A campaign of consistent, clear and calm messages can help overcome hysteria caused by a crisis

King’s College London teaching fellow Oliver Johnson says it is really important for the NHS not to overreact, and instead to stick to the evidence around Ebola, while acknowledging it is a “scary” disease.

‘Even in Britain we have to guard against hysteria’

He says: “The lesson to learn is that staff in every country get scared and that’s normal, and you can’t blame them.

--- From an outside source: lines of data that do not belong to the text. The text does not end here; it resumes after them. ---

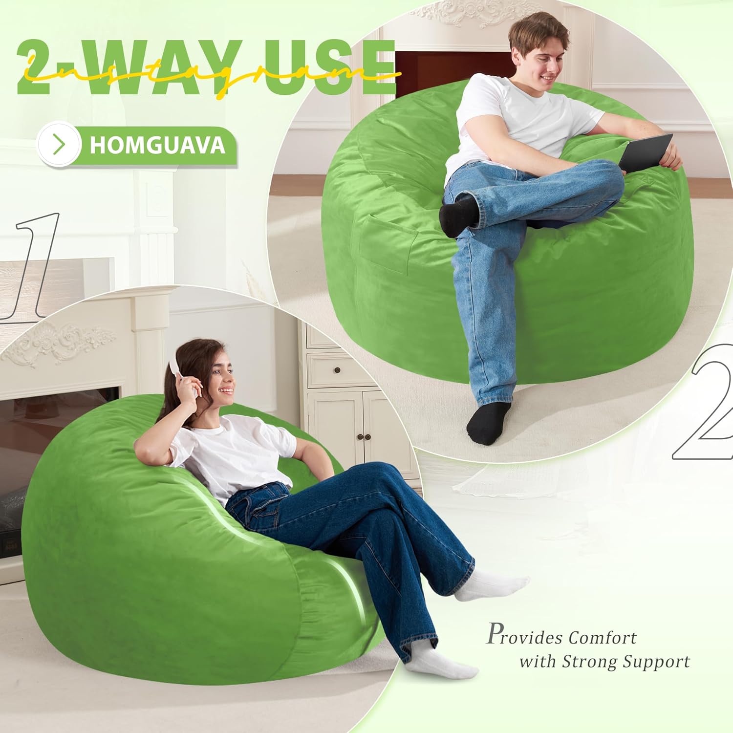 Homguava 3FT Bean Bag Chair: 3' Bean Bags with Memory Foam Filled, Large Beanbag Chairs Soft Sofa with Dutch Velvet Cover-Lime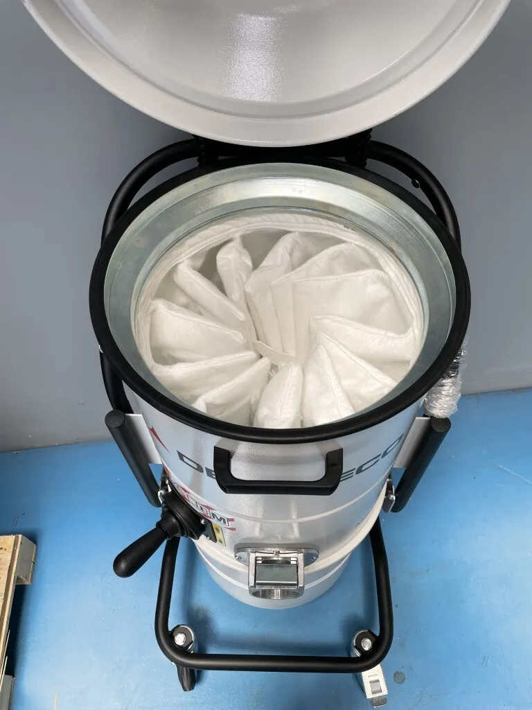 The MINI AIR Z2-Z22 is an intrinsically safe compressed air vacuum cleaner that offers exceptional power and versatility for a wide range of industrial applications. It features two parallel working ejectors that deliver maximum performance. Each ejector is adjustable, allowing for customized airflow or vacuum strength depending on the specific task at hand. Inside the vacuum cleaner, you’ll find a large surface filter made of antistatic polyester, certified as M class with a filtration efficiency of 1 micron. This filter ensures the safe collection of electrostatically charged dust. Additionally, an optional H14 filter is available for capturing the finest particles. The vacuum cleaner comes equipped with an effective manual filter cleaning system. By simply using the lever located outside the filtering chamber, the operator can shake the filter, causing the dust to be deposited directly into the collection container. For convenient disposal, a spacious 12 gal release container with wheels is provided, making it easy to empty the vacuumed material.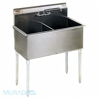 Utility Sink ADA Compliance No Back Splash Height 8 in Bowl Depth 13 3/4 in Square Bowl Size 24 in x 24 in Non CEC Compliant Silver Drain Opening 3 1/2 in Drainboard Location No Drainboard Faucet Body Material Brass Faucet Handle Type Lever Faucet Hole Dia 1 1/8 in Faucet Installation Style Widespread Faucet Mounting Centers 8 in Dual Manual Handle Angled Straight Satin Flow Rate 2.2 gpm Gauge 16 ga Mounting Location - Faucet Splash Floor No of Bowls 2

“A lot of the battle here has been psychological: getting patients to come to hospital, getting staff to know the right questions to ask, and when they’re faced with that patient, staying at their posts.

“Here there were staff strikes and times when patients who were told they had suspected Ebola literally ran out of the hospital.”


Getting staff to know the right questions to ask helps minimise hysteria among the workforce and patients

This was solved, Dr Johnson says, by a campaign of consistent, really clear, calm messaging on the radio, on television, from the health minister and most importantly, from the president, whose leadership was critical.

He says NHS staff can learn from the experience in Sierra Leone.

“Even in Britain we have to guard against hysteria and not think that we know it all. We’ve got a lot to learn. It’s about sticking to the evidence and not letting it be governed by panic headlines or political pressures.”